◆ **Assignment**
When you transcribe the entries below, begin at their first line and stop after the line containing "Een standaardrol behang"; pictures stay out.

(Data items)
========================================

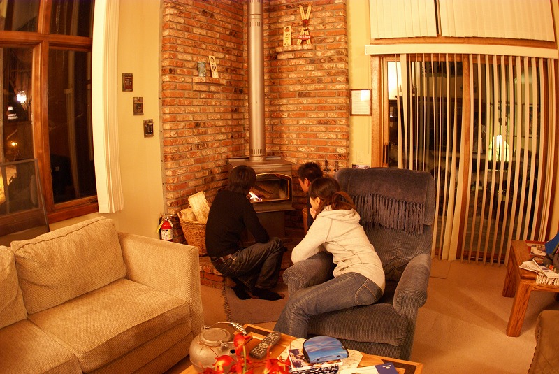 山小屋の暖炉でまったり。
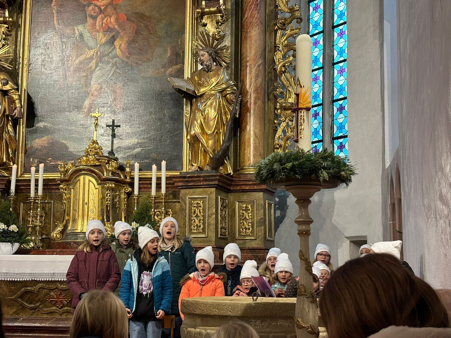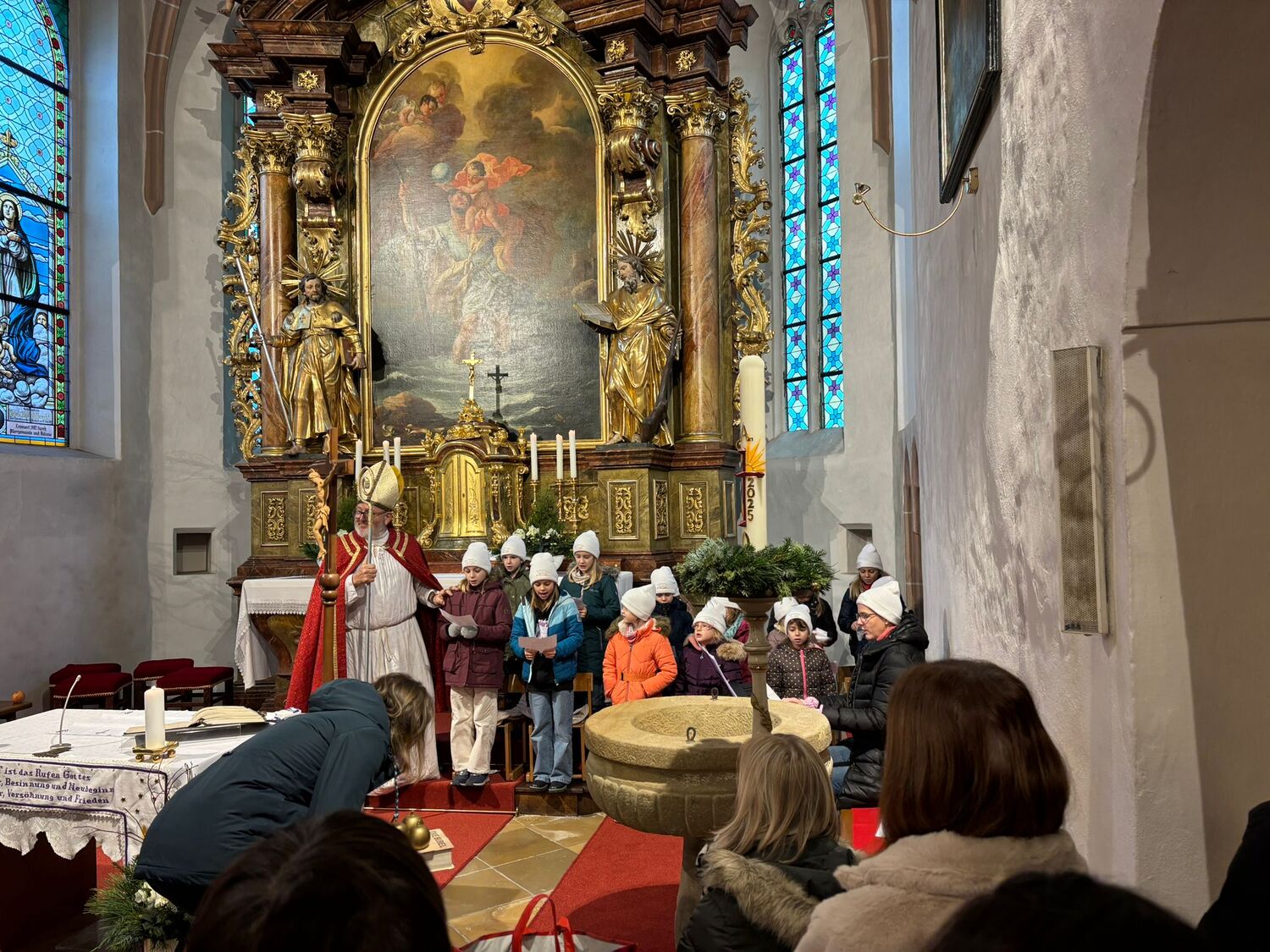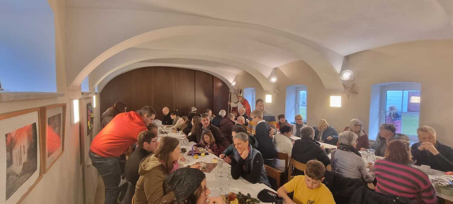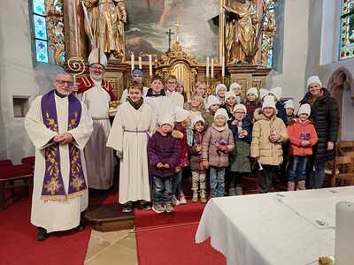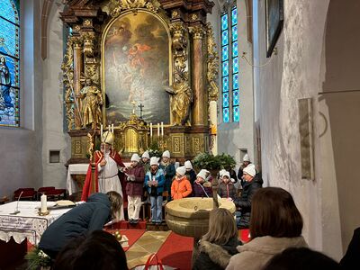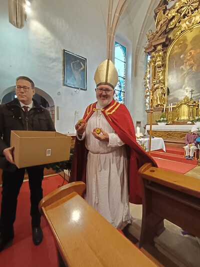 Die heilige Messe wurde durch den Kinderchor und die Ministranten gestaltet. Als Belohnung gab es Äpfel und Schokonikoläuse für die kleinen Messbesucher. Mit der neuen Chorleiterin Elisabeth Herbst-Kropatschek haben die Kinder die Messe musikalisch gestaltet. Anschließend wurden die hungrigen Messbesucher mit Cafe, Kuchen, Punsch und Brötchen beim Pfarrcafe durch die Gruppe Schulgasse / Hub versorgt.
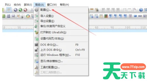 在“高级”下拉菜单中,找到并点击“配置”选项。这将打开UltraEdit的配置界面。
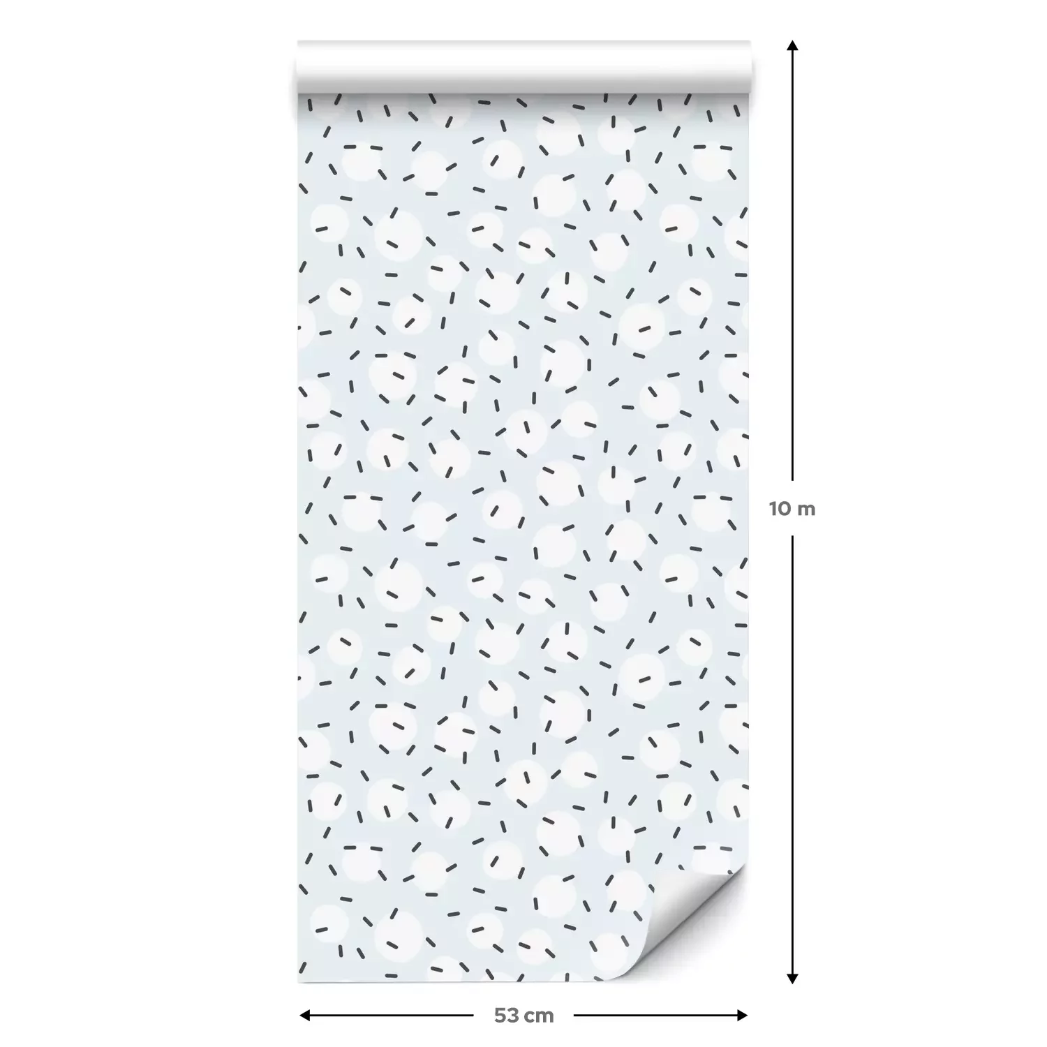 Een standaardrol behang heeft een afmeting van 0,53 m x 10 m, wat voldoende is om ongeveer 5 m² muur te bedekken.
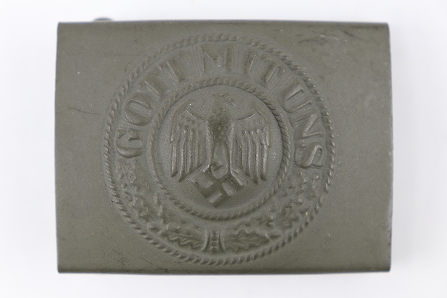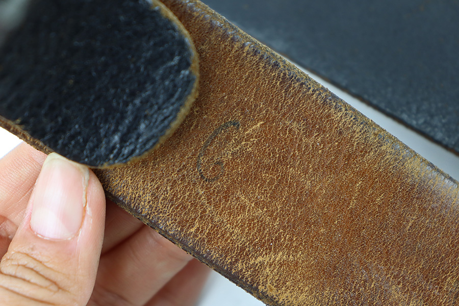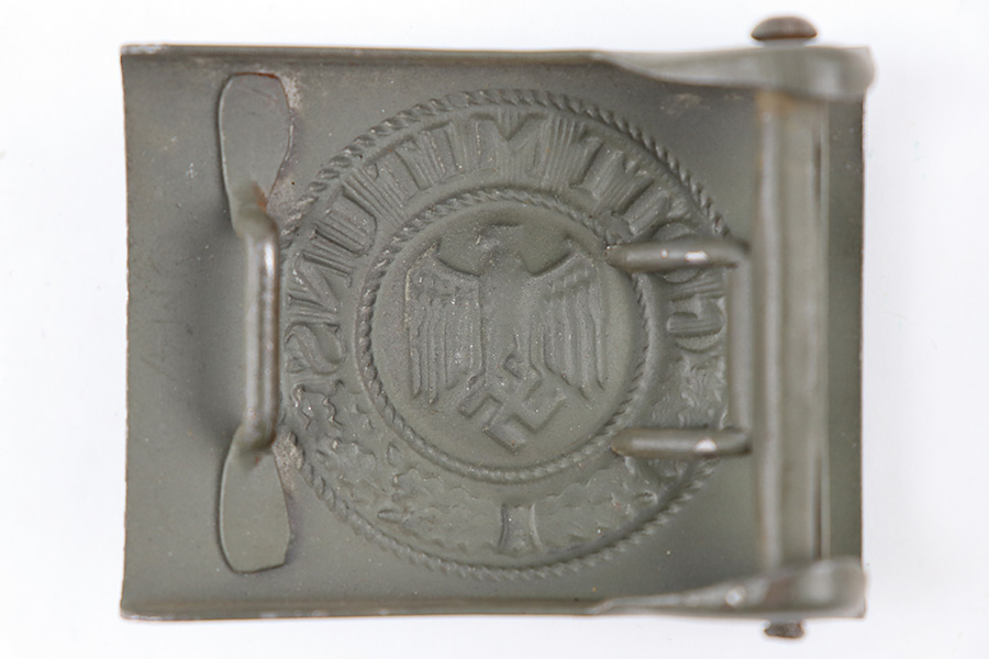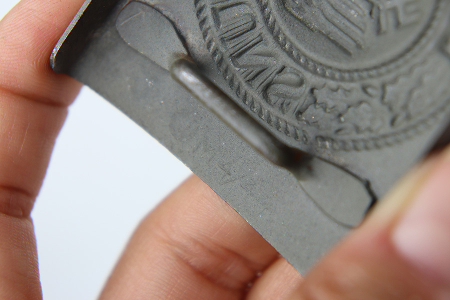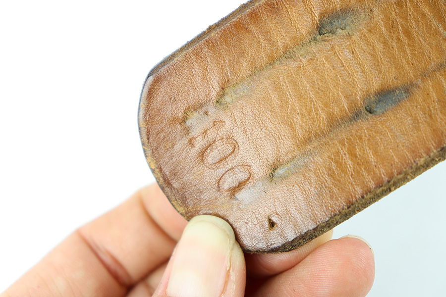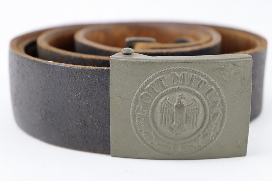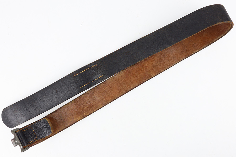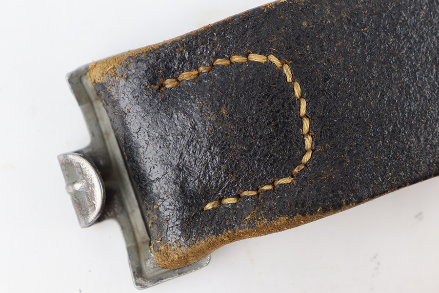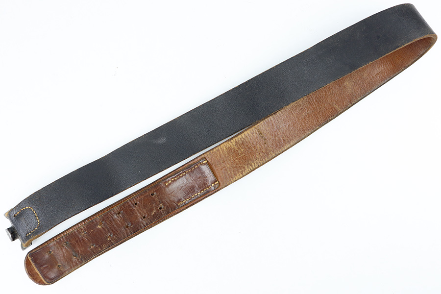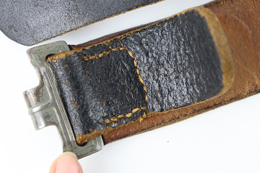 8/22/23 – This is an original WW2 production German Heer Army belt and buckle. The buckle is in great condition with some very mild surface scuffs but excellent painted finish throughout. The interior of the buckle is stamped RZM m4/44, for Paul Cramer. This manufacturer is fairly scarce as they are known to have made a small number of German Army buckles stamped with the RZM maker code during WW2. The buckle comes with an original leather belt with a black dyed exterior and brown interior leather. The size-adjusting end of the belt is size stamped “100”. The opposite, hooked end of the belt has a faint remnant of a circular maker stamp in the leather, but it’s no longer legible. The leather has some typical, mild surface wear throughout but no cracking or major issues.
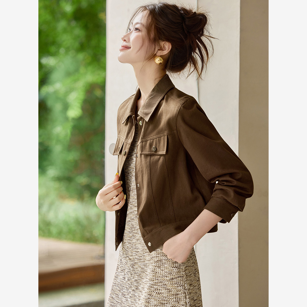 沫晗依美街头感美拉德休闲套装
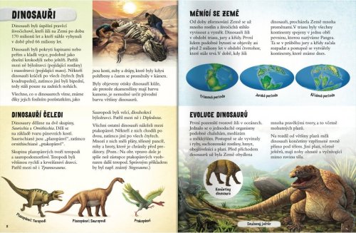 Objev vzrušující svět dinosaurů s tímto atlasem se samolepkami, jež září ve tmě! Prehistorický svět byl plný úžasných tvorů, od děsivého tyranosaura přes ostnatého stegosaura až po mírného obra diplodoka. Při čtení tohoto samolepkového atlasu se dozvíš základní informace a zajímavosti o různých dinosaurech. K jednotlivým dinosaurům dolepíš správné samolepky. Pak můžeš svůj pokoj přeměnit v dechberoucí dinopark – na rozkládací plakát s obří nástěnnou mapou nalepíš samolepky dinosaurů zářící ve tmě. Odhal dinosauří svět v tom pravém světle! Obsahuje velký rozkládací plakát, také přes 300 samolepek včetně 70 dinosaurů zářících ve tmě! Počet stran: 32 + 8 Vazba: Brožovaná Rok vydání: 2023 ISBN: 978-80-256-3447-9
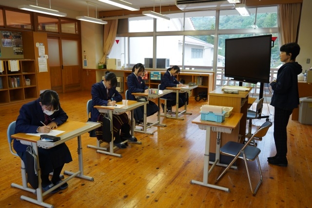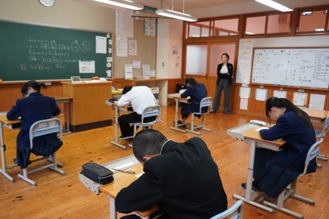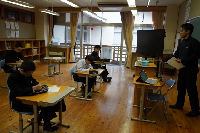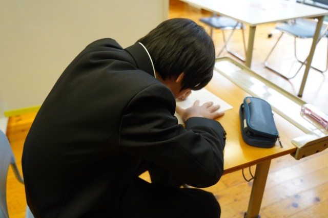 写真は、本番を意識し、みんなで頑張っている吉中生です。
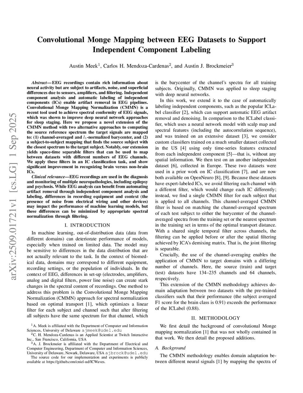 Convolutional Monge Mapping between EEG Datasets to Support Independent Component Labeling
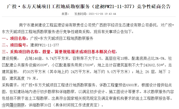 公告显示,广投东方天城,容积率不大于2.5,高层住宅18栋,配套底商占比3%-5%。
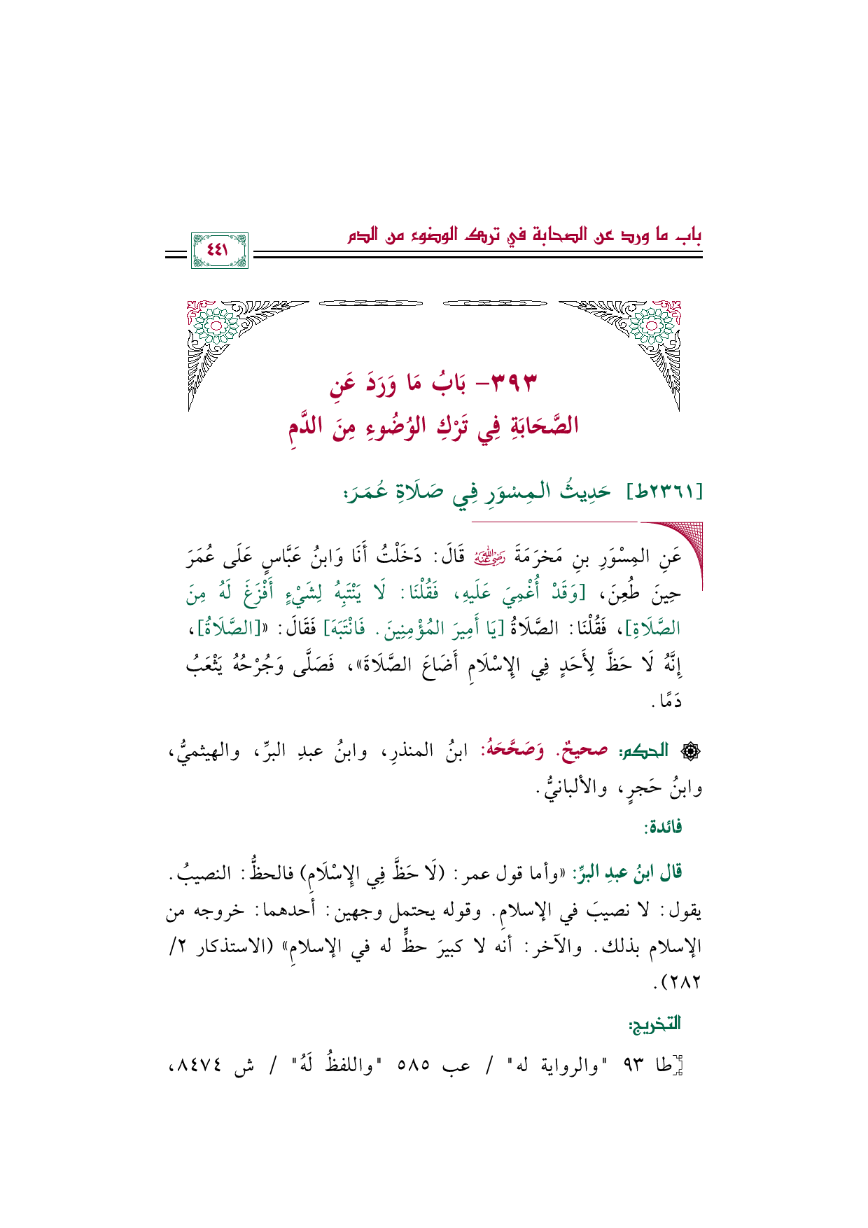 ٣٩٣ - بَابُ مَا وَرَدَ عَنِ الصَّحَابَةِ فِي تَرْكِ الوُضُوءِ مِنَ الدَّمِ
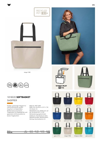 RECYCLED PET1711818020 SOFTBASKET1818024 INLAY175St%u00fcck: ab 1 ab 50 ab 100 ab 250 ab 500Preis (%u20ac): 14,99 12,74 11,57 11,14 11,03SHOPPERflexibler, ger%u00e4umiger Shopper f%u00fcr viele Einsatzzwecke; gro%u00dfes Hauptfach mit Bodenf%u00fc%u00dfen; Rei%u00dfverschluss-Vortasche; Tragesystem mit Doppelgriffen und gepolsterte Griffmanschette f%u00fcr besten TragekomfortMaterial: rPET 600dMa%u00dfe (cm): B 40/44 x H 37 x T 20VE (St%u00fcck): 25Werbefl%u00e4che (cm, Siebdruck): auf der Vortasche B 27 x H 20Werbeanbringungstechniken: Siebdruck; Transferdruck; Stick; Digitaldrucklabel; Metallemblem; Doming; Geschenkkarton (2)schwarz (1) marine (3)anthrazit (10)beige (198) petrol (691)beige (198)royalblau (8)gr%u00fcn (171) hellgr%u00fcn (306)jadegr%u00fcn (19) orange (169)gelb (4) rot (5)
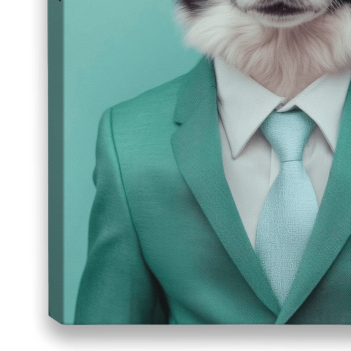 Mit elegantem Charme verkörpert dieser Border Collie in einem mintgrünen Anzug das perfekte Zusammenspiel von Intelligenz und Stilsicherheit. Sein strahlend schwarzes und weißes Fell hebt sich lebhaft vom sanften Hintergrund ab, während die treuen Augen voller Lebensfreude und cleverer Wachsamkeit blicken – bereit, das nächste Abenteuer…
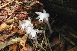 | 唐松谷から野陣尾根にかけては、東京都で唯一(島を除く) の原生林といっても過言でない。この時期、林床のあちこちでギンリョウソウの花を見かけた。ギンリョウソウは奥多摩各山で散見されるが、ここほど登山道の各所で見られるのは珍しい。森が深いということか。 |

========================================

◆ **Answer section**
 山小屋の暖炉でまったり。
 Die heilige Messe wurde durch den Kinderchor und die Ministranten gestaltet. Als Belohnung gab es Äpfel und Schokonikoläuse für die kleinen Messbesucher. Mit der neuen Chorleiterin Elisabeth Herbst-Kropatschek haben die Kinder die Messe musikalisch gestaltet. Anschließend wurden die hungrigen Messbesucher mit Cafe, Kuchen, Punsch und Brötchen beim Pfarrcafe durch die Gruppe Schulgasse / Hub versorgt.
 在“高级”下拉菜单中,找到并点击“配置”选项。这将打开UltraEdit的配置界面。
 Een standaardrol behang heeft een afmeting van 0,53 m x 10 m, wat voldoende is om ongeveer 5 m² muur te bedekken.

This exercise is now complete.